Auto Scaling provides the (ALB) QPS per Backend Server system metric as a trigger condition for event-triggered tasks of the system monitoring type. This enables automatic scaling of ECS instances and elastic container instances. This topic describes how to use the (ALB) QPS per Backend Server system metric to enable automatic scaling of elastic container instances.
Concepts
Application Load Balancer (ALB) is an Alibaba Cloud service that runs at the application layer and supports various protocols, such as HTTP, HTTPS, and Quick UDP Internet Connections (QUIC). ALB provides high elasticity and can process a large amount of network traffic at the application layer. For more information, see What is ALB?

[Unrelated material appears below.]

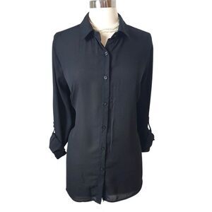 Riley+James Womens Plus Lace Back Button-Down Shirt 18/20W Black Chic Office Y2K

Query per second (QPS) measures the number of HTTP or HTTPS queries or requests that can be processed by ALB per second. This metric is specific to Layer-7 listeners. (ALB) QPS per Backend Server is a metric that is used to evaluate the service performance of a server. The value of this metric is calculated by using the following formula: QPS per backend server = Total number of client requests that are received by ALB per second/Total number of ECS instances or elastic container instances of ALB backend server groups.
Scenarios
If you use ALB instances to receive client requests (or QPS) in a centralized manner, the client requests are forwarded to the backend servers for processing. The backend servers can be ECS instances or elastic container instances. When the number of client requests surges, your business system must scale out backend servers in an agile manner to keep your business running smoothly and stably.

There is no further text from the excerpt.